Making a Simple DataFrame from a Tuple List and a Schema



In [8]:

    
# Create a Spark DataFrame, this time with schema
df_from_list_with_schema = \
sqlContext.createDataFrame(a_list, ['letters', 'numbers']) # this simple schema contains just column names

# Show the DataFrame
df_from_list_with_schema.show()

# Show the DataFrame's schema
df_from_list_with_schema.printSchema()

Making a Simple DataFrame from a Dictionary



In [10]:

    
# Make a dictionary
a_dict = [{'letters': 'a', 'numbers': 1},
          {'letters': 'b', 'numbers': 2},
          {'letters': 'c', 'numbers': 3}]

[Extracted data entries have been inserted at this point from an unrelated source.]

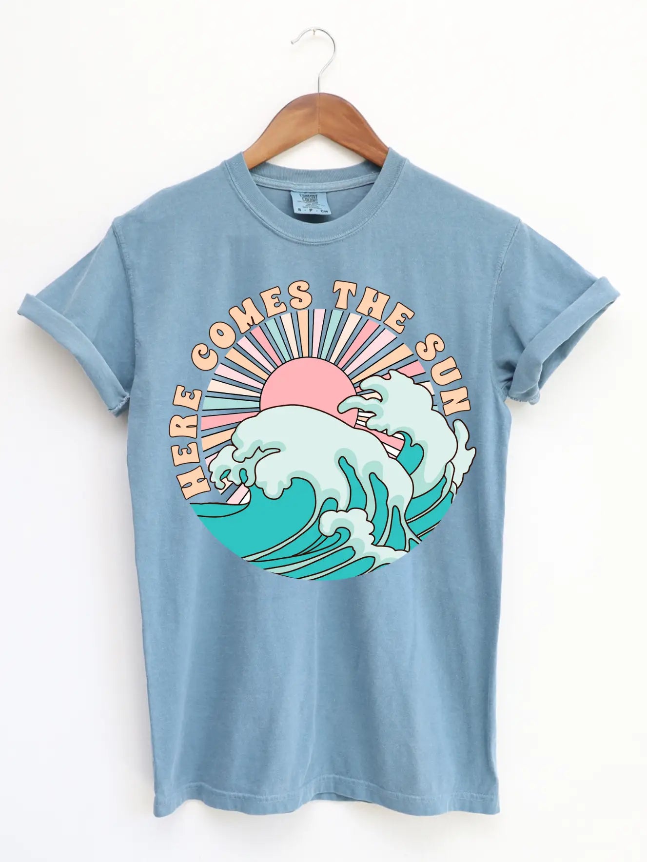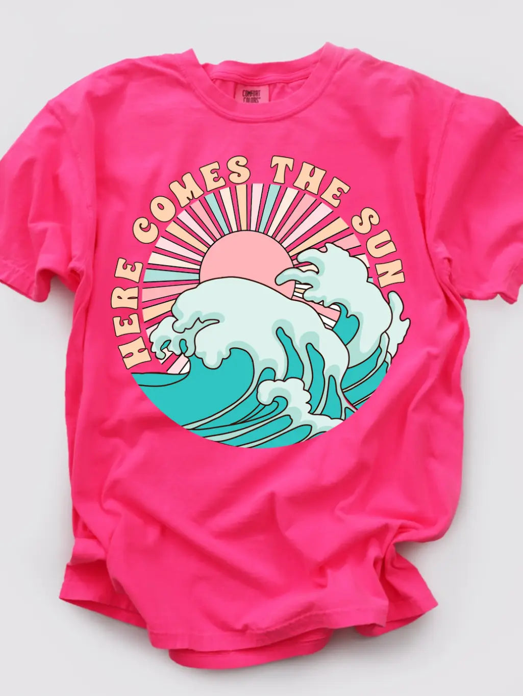 This Here Comes the Sun tee is available in Comfort Colors Neon Pink or Ice Blue. These come in Youth and Adult sizes. Both DTF and shirt are created in our shop in Oklahoma.
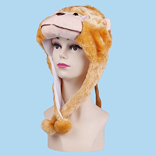 -. Title : Monkey_Pom-Pom Winter Animal Hat Fashion Cap Animal Plush Fluffy Warm 100% Polyester (US Seller)
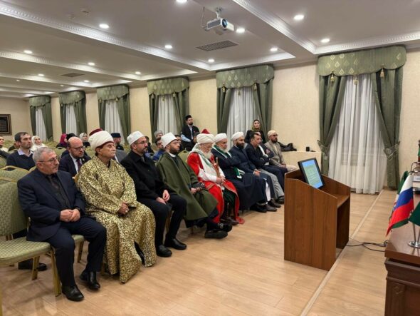 Татарстан Республикасы мөселманнары Диния нәзарәте бинасында Татарстан Республикасы мөселманнары Диния нәзарәте рәисе, Татарстан Республикасы Мөфтие Камил хәзрәт Сәмигуллин Баш мөфти, Россия мөселманнары Диния нәзарәте рәисе Шәйхелислам Тәлгать хәзрәт Таҗетдин һәм делегатлар белән очрашты.
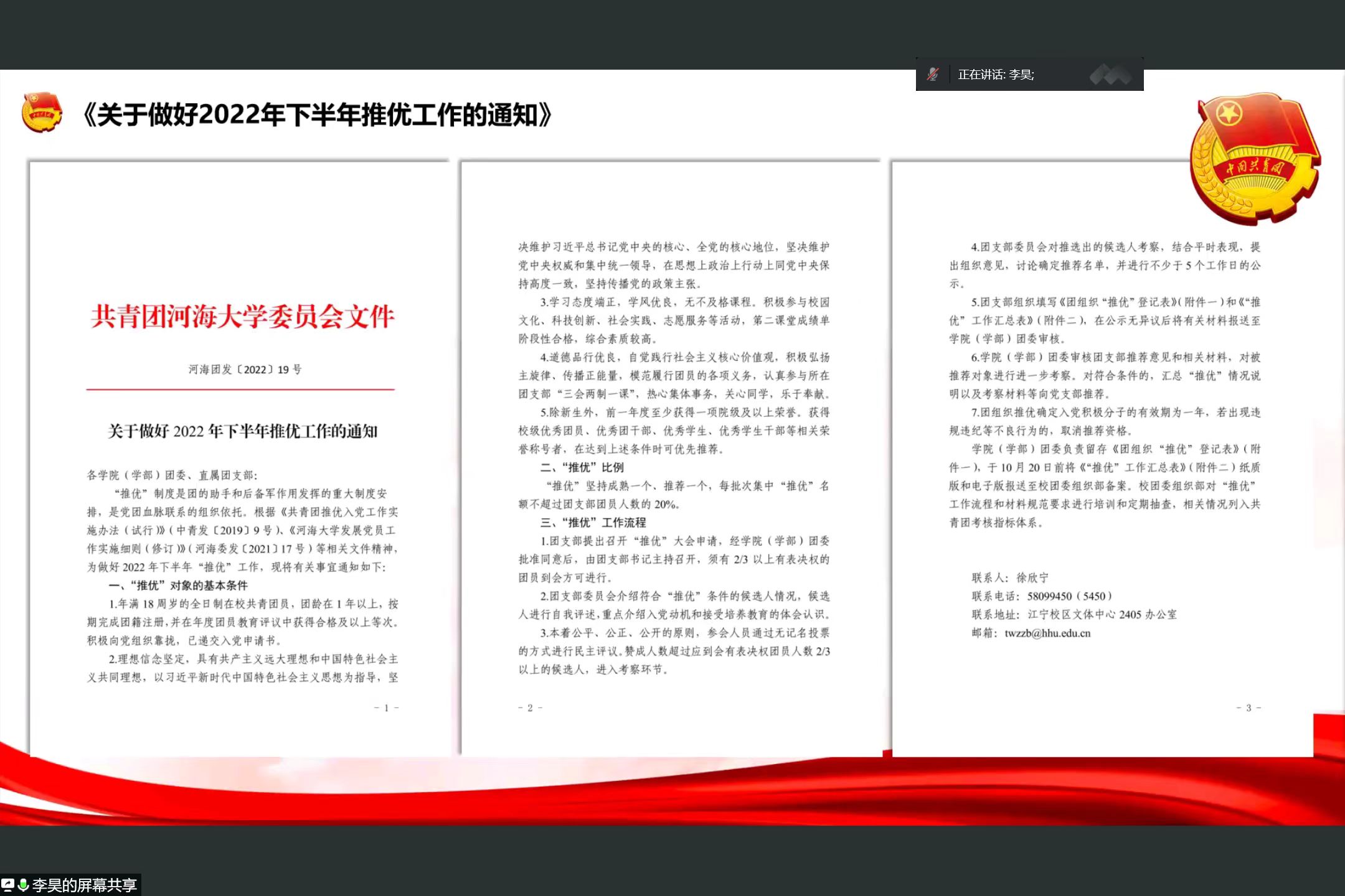 2022年10月6日,澳门六合彩 组织员朱钰老师和团委副书记李昊面向全体2022级本科生就党团员发展工作做详细介绍,为进一步开展学生入党积极分子培养教育、学生党员发展和教育管理服务、指导学生党支部和班团组织建设等工作奠定基础。
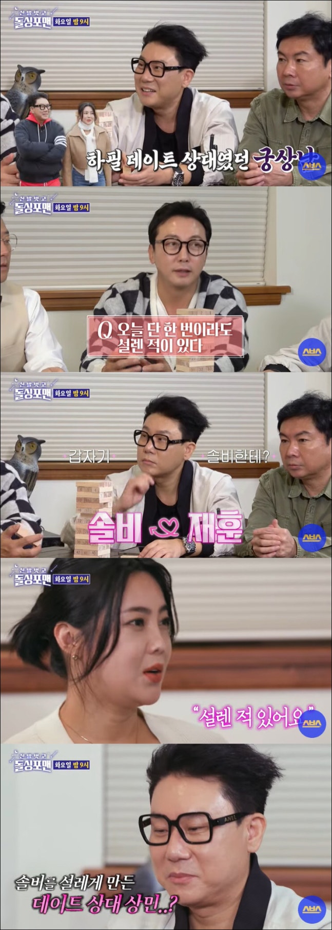 이어 탁재훈의 차례. 탁재훈은 솔비에게 "오늘 단 한 번이라도 설렌 적 있냐"고 질문했고 솔비는 "전 있다"고 솔직히 고백해 관심을 모았다.앞서 이상민과 데이트 한 솔비. 두 사람은 궁합 점수가 무려 90점이 나와 "결혼하는 거 아니냐"는 추측까지 받았다.
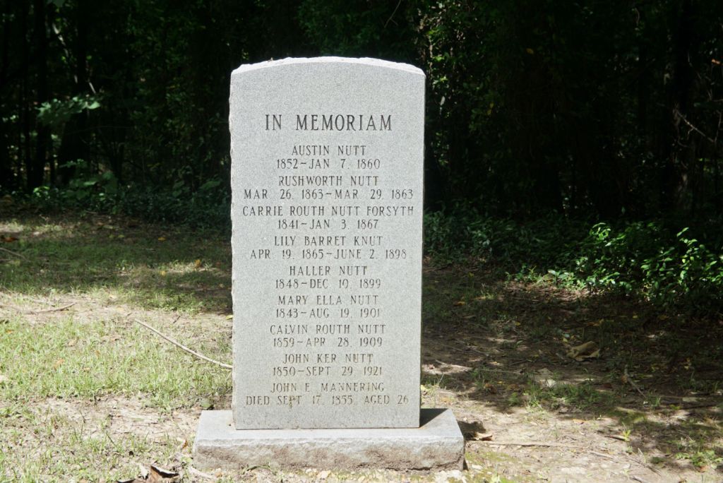 The octagonal home was begun in 1858 by Haller Nutt. The exterior and basement were completed when the Civil War began and the family lived in the basement beneath six unfinished stories.

# Create a Spark DataFrame from the dictionary
df_from_dict = \
(sqlContext
 .createDataFrame(a_dict)) # You will get a warning about this

# Show the DataFrame
df_from_dict.show()

Making a Simple DataFrame Using a StructType Schema + RDD



In [12]:

    
# Define the schema
schema = StructType([
    StructField('letters', StringType(), True),
    StructField('numbers', IntegerType(), True)])

# Create an RDD from a list
rdd = sc.parallelize(a_list)

# Create the DataFrame from these raw components
nice_df = \
(sqlContext
 .createDataFrame(rdd, schema))

# Show the DataFrame
nice_df.show()



In [13]:

    
# Define the schema
schema = StructType([
    StructField('letters', StringType(), True),
    StructField('numbers', IntegerType(), True)])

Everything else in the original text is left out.